A few days later I went back, again at lunchtime, and picked it up. Having a gun in my briefcase all afternoon was badass. I considered naming it, but decided that that was probably too much.
YPDRMF.
Friday, December 17, 1993
Mr. Dr. was reading the paper; I, for once, was not. I was watching Amalia sleep and didn’t notice that Mama had left the room until Mr. Dr. called to me softly: “Marcus.” When I glanced up, he gestured outside with his head. “A word?”
We went out into the hallway. Mr. Dr. closed the door to Amalia’s room behind us. I waited while he tried to read my face.
“Marcus. We are approaching the point in this . . . process . . . we need to discuss something. Something medical.”
“OK.” I was Amalia’s health care proxy. We had not reached this decision lightly. One of her parents was a physician, after all, and you could probably make a solid argument that they loved her even more than I did. Ultimately, they decided to respect the office, as it were. Probably after Amalia promised them that I would listen to reason, as I was apparently doing right now.

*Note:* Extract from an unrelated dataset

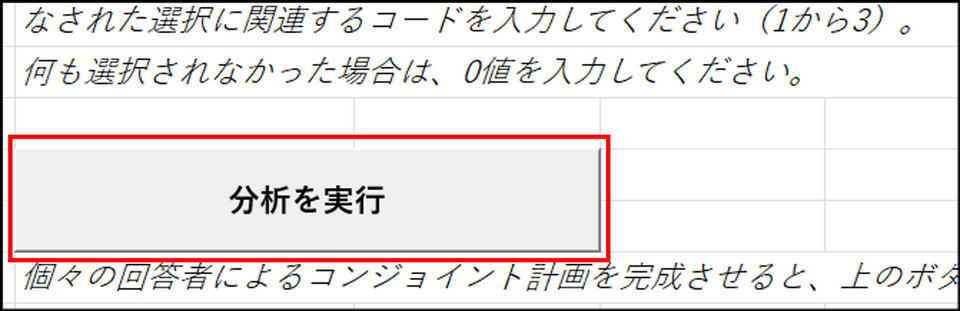 上記表へのデータ入力が完了したら、選択型コンジョイント分析を実行してみましょう。

“Do you know what a DNR is?” He didn’t wait. “It stands for Do Not Resuscitate. It is an order that a patient—or her proxy—can put in place once it is certain that even the most heroic measures will only prolong life briefly, and will probably prolong suffering. Unnecessary suffering. Do you understand?”

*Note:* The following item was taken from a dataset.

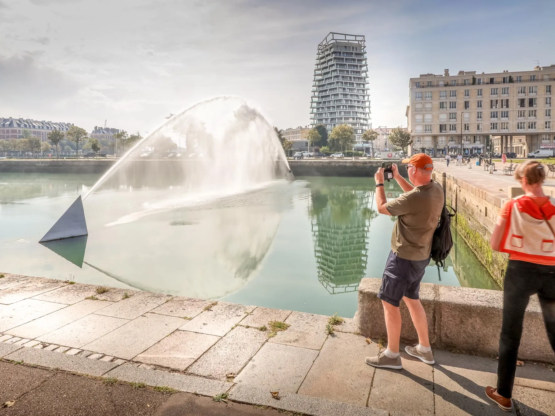 Dans le bassin du commerce, deux modules éloignés l’un de l’autre d’environ 60 mètres, projettent, par intermittence, des jets d’eau qui se rencontrent. Leur collision provoque l’apparition d’un spectre, d’une forme changeante et floue. Plus rarement, c’est un autre spectre qui devient visible à travers ses gouttes, celui du soleil, et l’arc se pare alors de teintes irisées. Dans tous les cas, il s’évapore après quelques minutes de contemplation et d’écoute, nous replaçant face à un bassin subitement regagné par le silence.

“Well . . . I know what a DNR is. But why are you bringing it up?”
He pressed on. “Because, we wanted to ask . . . Have you considered putting such an order in place here . . . if it becomes . . . evident—”

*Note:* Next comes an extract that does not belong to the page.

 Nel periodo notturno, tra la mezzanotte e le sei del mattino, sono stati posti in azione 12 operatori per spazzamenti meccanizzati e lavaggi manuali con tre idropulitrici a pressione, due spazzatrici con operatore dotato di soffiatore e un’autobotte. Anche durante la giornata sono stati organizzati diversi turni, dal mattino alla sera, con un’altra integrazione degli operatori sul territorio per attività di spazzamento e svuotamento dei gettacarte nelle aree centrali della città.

“No. Shit no.” A little loud. One or two people in the hall turned to look, but Shit no is a pretty normal thing to hear in a hospital. “In fact, right now I’m thinking about inventing something called a Yes, Please Do Resuscitate Motherf—. . . order. What I am thinking about is one of those. How does that sound to you? Sir?”
I expected him to match my anger. But his body relaxed and he smiled in a way I had only seen him smile at Amalia. “I like the sound of that fine, Marcus.” He put his hand on my shoulder and glanced behind me. I turned. Mama was standing at the end of the hall. Waiting.
Ah, shit. A test. Wow. Clever motherfucker.
I opened the door to Amalia’s room. “After you, Mr. Dr.”
He put his hand on my shoulder again. “You can call me Papa if you like.”
Fuck Hunters.
Sunday, December 19, 1993
I waited outside, in the parking lot. Go just two towns south of SF and you are in the Rust Belt. Fat men wearing baseball caps watched me as they passed. I did not return their rudeness. I had a gun on me, but we all did.
Debra arrived five minutes later. She was a good hugger, in part because her arms were so long. Debra was the size of a big dude; almost the size of The Door, with boobs. But mostly the hugs were so good because we were war buddies. Abby, her sister, was having a very hard time. As hard as Amalia. When Debra was around, I knew that somebody understood.
By the time we released our bear hugs, fat men had stopped to stare. California is basically Ohio with Oakland stuck in. “Let’s go inside,” she said.
We picked up our cases and went in. She held the door for me, which was noted with disapproval by a few of the heavyset gentlemen lounging on the couches inside.
“Help you,” the portly man behind the counter said as we approached. Somehow he did not seem particularly inclined to help us.
“This is a stickup,” Debra announced. The eavesdroppers turned to us hopefully. “You think? We’re here to shoot. Please.” That man would have never said please to Debra. Not for anything. That’s what made us better than him.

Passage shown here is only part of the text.